Mary: Well… maybe just a little!
Liza: Hope the Easter bunny is good to you all!
Susan: Yes, please do!
😉
I’m thinking *olden days*??? Until I realize it was like 30 years ago!
Have fun tomorrow!
I’ve hunted eggs, inside, outside and in kneedeep snow. The ones we couldn’t find. Turned up after the snow melted.
The pan your mom used was probably an enamel pan. Best for eggs.
YHou are cute at three.
hpw neat to have the letter.
Happy Easter.
I love children for their exuberant joy and enthusiasm. You show this so well in your picture. We decorated eggs and hunted jelly beans in the house. No outdoor eggs hunts today …too much new snow!
Happy Easter.
Ruth
How adorable Laura! Love the letter! I remember coming home from church (always in our new frilly dresses) and finding those huge baskets filled to the brim with all things egg and chocolate too! It was such a great mystery how he got in the house. And I remember wanting to eat those white-turned-green colored eggs (once you peeled them) and hoping they were not too old…lol.
A cutie..but you look so innocent! Hope you get lots of Easter candy. You should – you have enough bunnies around!
Sweet.
Our baskets always held a pineapple, grapes, and a chocolate bunny. I remember storing his gnawed remains in the fridge for days as he slowly transformed from bunny to anonymous lump.
My parents always hid our baskets and we carry on that tradition.
Cute knees. 🙂 Easter 1973 I was in the 11th grade.
Memories that stick out with my kids are them in snowsuits and egg hunting in the snow. Nick would hunt at 60 mph and Ryan and Cassie would take their time.
Lots o’ chocolate, that’s what happened here this Easter. What a cutie!

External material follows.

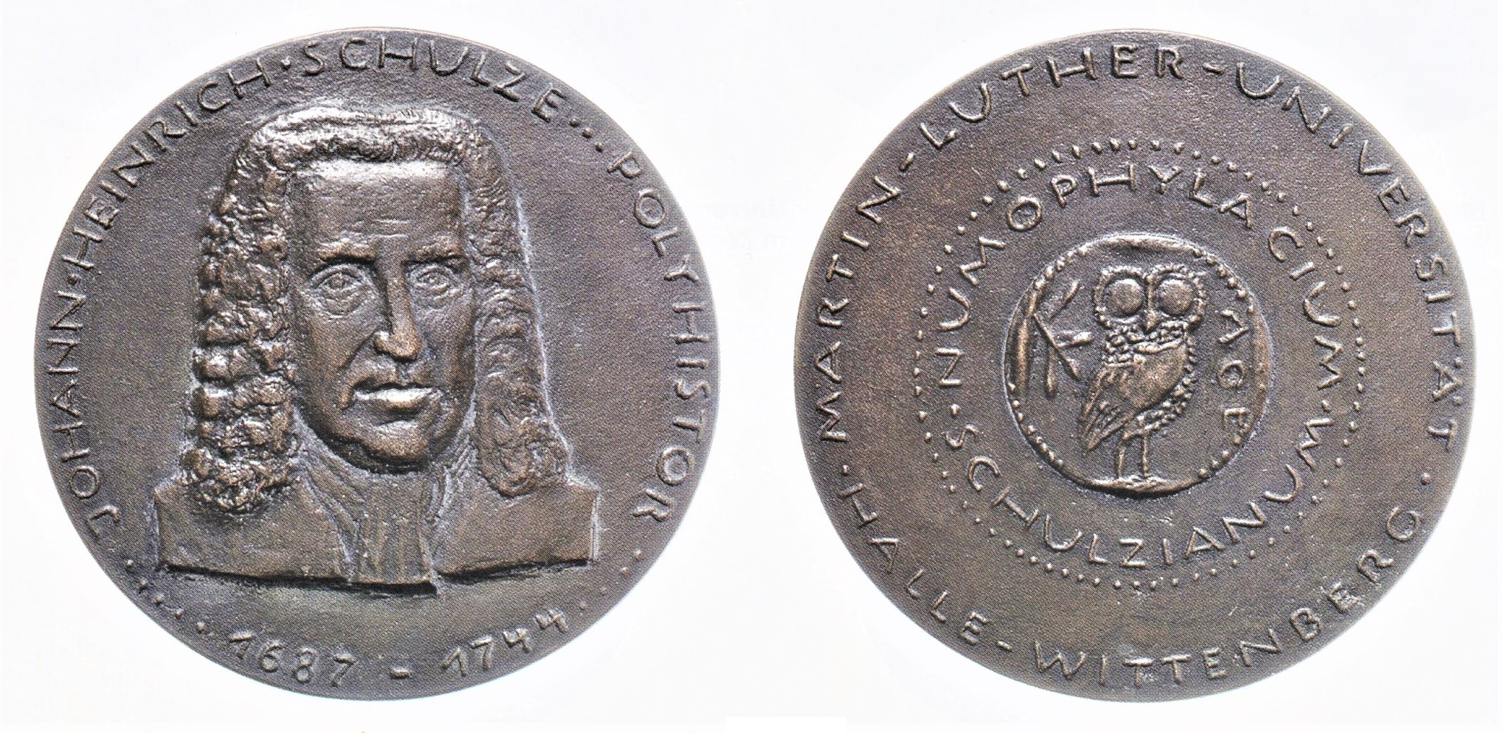 Der deutsche Universalgelehrte Johann Heinrich Schulze begründete in Halle an der Saale die Numismatik als akademisches Lehrfach. Heidi Wagner-Kerkhof gestaltete 1979 eine Bronzemedaille mit einer auf seine numismatischen Vorlesungen deutenden Tetradrachme aus Athen.

Hoppy Bunny Day to you!! We hope you received lots of goodies from the Big Bun. Here are special memories:
1) When my Mother would dress my sister and I up in our pretty Easter outfits complete with bonnets
2) When Richie proposed to me Easter morning at Sandbridge Beach in 2003.
=:8
That is so perfect, the story, the memories and the note. Not being very religous Easter is one of my least favorite holidays but I try my hardest to put down some traditions so hopefully my kids will have strong memories just like that.
Awwww–you were so cute. And the letter to Fluffy Bunny–priceless. I especially like your instruction–you can come in the usual way, and hide the eggs.
cutest lil’ thang! I was a sophmore in high school and was babysitting lilttle rug rats like you!
When you wrote your bunny letter, I had been married 5mos….a child bride at 21. Your handwriting is better than a lot of highschoolers in 2007! Sweet,
Oh my gosh, it’s almost exactly like our daughter’s notes to the E.B. now–she always gives him instructions on where the eggs are too! I’m so glad you kept this note–it’s great!
Hoppy Easter!
What a precious post, Laura. The note to the Easter bunny says it all – “I like a lot of candy on Easter.”
Sweet. Sweet.
Great post! I remember finding a chocolate egg from our family egg hunt many months after Easter. Of course, I ate it.
Laura,
That note reminds me of all those times at Easter at home. We had the same Easter baskets, year after year and they were loaded with jelly-beans and large chocolate bunnies. I remember decorating the eggs. Brian always made a brownish-greenish-blueish ugly egg. Always. How did he do that every year ? Must be that “kicker-mickel” thing.
I am glad to see that you managed to save a jewel amongst the piles of things to be cleaned out and disposed of. I tried to keep a few of those things that Mom meticulously put away. Nice glimpse into the simplicity of childhood.